Sekarang, baik nyokap ataupun bokap Alhamdulillah sehat dan membaik. Bokap lebih ‘sembuh’ diobati dengan pengobatan alternatif daripada dua kali bolak-balik RS yang ujung-ujungnya diisolasi berminggu-minggu di ruang covid. Sampai sekarang Alhamdulillah udah bisa jalan, bergerak—meski refleksnya belum seperti orang normal, dan solat meskipun duduk. Ini perkembangan bagus dari yang tadinya apa-apa dipapah, didorong kursi roda, dan bicara sepatah-patah.

Semoga nggak ada lagi kejadian yang bikin patah hati kayak begini. Karena meskipun kita sering kali punya love and hate relationship sama mereka selayaknya keluarga pada umumnya,  rasanya tetap ambruk ketika melihat mereka nggak berdaya.

6 comments:

yenita anggraini said...

Aamiin, semoga orangtua kita diberi kesehatan selalu ya, Piah. Nggak ada sakit-sakit lagi.

Fia said...

Aaamiin tangiii... semoga ortu tangi dan sekeluarga sehat selaluuu

Lugina said...

Lagi-lagi aku skip dulu baca ini. Akan kembali nanti ketika sudah siap. Wkwkwk.
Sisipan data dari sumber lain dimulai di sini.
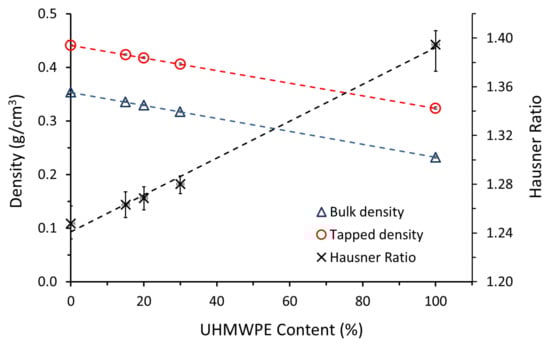 Figure 3). This suggests that the AC powder has high flow and the addition of AC improved the flow of UHMWPE (original HR = 1.39). This improvement was observed during the spreading and distribution of the powder in the laser-sintering machine. It is evident that the HR does not strictly follow the “rule of mixtures”, in that it is not a simple linear relationship with regard to concentration. This is probably due to the increased AC-AC particle contact.
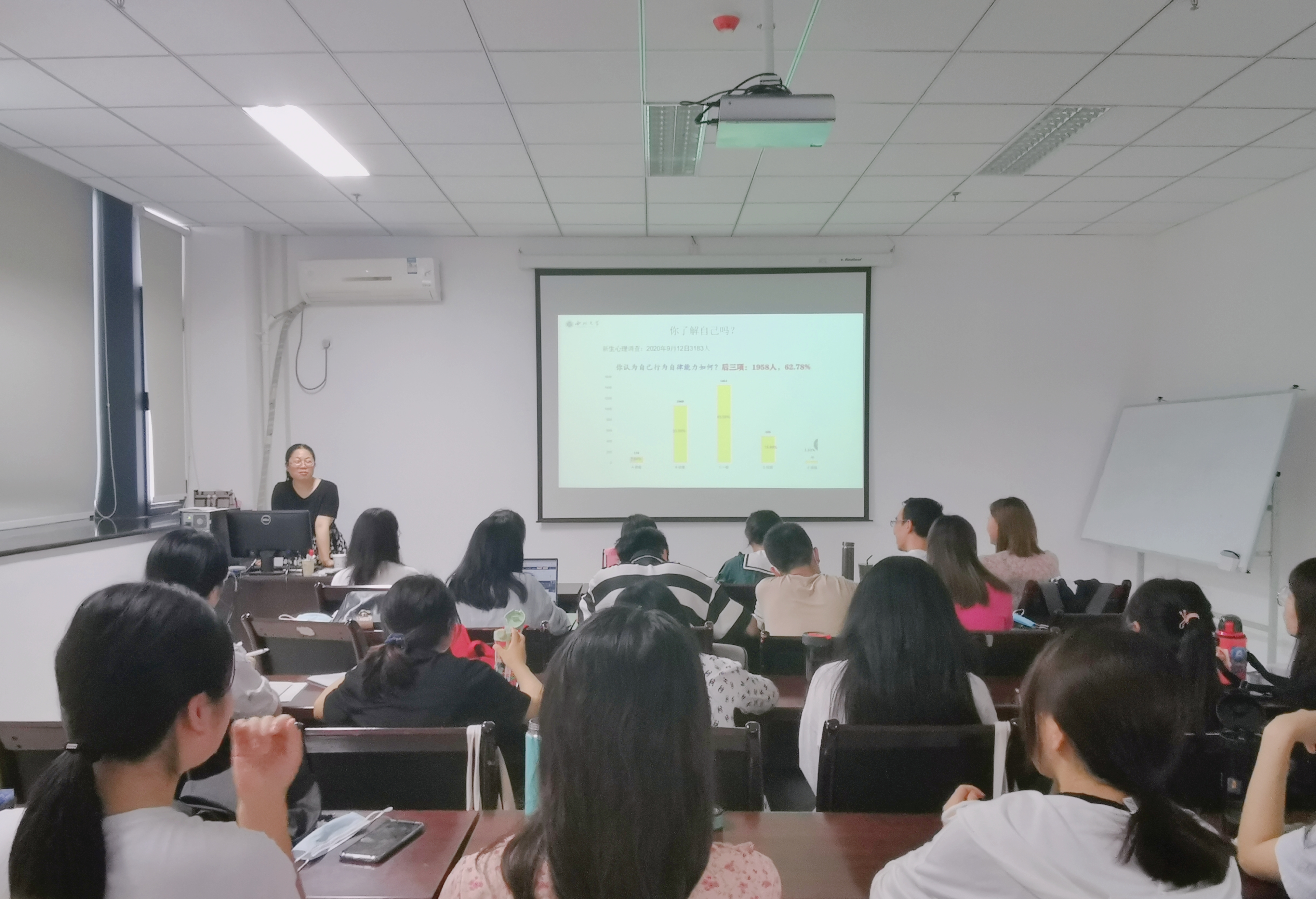 为进一步加强我院研究生心理健康教育,普及心理健康知识,5月25日,我院开展了研究生的压力应对与健康心理专题讲座,本次讲座由西北大学心理健康教育中心李佳副教授主讲,我院部分研究生参加讲座。

Buat aku, butuh energi lebih baca dan mulis tentang orang tua itu. 😄

FHEA said...

Sebenernya aku juga iyaaa... Hahaha makanya aku smp skip sehari🤣

Herukasious said...

Nggak tahu mau komen apa..

Awalnya mau komen soal singkatan ManJa yg bikin ngakak, tapi begitu baca sampe akhir, aku jadi mikir, kamu luarbiasa kuat ya bisa menyembunyikan itu tanpa sedikit pun curhat di sosial media. Meskipun perempuan, tapi kamu adalah anak pertama. Kamu sukses besar menjalankan peran itu. Duh mendadak jadi inget kakakku dong. Anjrit aku nerasa emosional kan di postinganmu yg ini. 😂😂😂

FHEA said...

Terus postingan terbaru lo mana? HMMMM?